• **Task to complete**: Nothing is needed except the lines below that run from the one with "очакваните температури за" through the one with "Square Halloween Dog", repeated exactly.

• **Data section**:
_ _ _ _
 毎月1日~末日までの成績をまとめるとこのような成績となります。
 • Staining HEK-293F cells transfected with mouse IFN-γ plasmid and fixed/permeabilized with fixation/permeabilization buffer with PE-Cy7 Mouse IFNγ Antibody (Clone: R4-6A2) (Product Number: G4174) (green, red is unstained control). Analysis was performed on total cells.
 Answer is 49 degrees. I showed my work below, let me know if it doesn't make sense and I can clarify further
_ _ _ _
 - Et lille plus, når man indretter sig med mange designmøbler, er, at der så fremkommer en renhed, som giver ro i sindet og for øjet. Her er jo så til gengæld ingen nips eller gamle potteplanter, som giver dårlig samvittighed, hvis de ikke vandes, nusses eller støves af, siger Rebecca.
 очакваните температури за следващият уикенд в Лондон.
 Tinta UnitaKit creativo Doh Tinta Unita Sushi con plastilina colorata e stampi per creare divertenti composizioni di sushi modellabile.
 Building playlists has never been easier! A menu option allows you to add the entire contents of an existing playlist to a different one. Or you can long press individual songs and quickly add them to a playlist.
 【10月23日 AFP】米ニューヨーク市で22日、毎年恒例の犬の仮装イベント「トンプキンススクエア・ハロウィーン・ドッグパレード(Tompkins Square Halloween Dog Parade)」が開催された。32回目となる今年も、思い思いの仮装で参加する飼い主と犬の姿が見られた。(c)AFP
_ _ _ _
• **Answer for this exercise**:
 очакваните температури за следващият уикенд в Лондон.
 Tinta UnitaKit creativo Doh Tinta Unita Sushi con plastilina colorata e stampi per creare divertenti composizioni di sushi modellabile.
 Building playlists has never been easier! A menu option allows you to add the entire contents of an existing playlist to a different one. Or you can long press individual songs and quickly add them to a playlist.
 【10月23日 AFP】米ニューヨーク市で22日、毎年恒例の犬の仮装イベント「トンプキンススクエア・ハロウィーン・ドッグパレード(Tompkins Square Halloween Dog Parade)」が開催された。32回目となる今年も、思い思いの仮装で参加する飼い主と犬の姿が見られた。(c)AFP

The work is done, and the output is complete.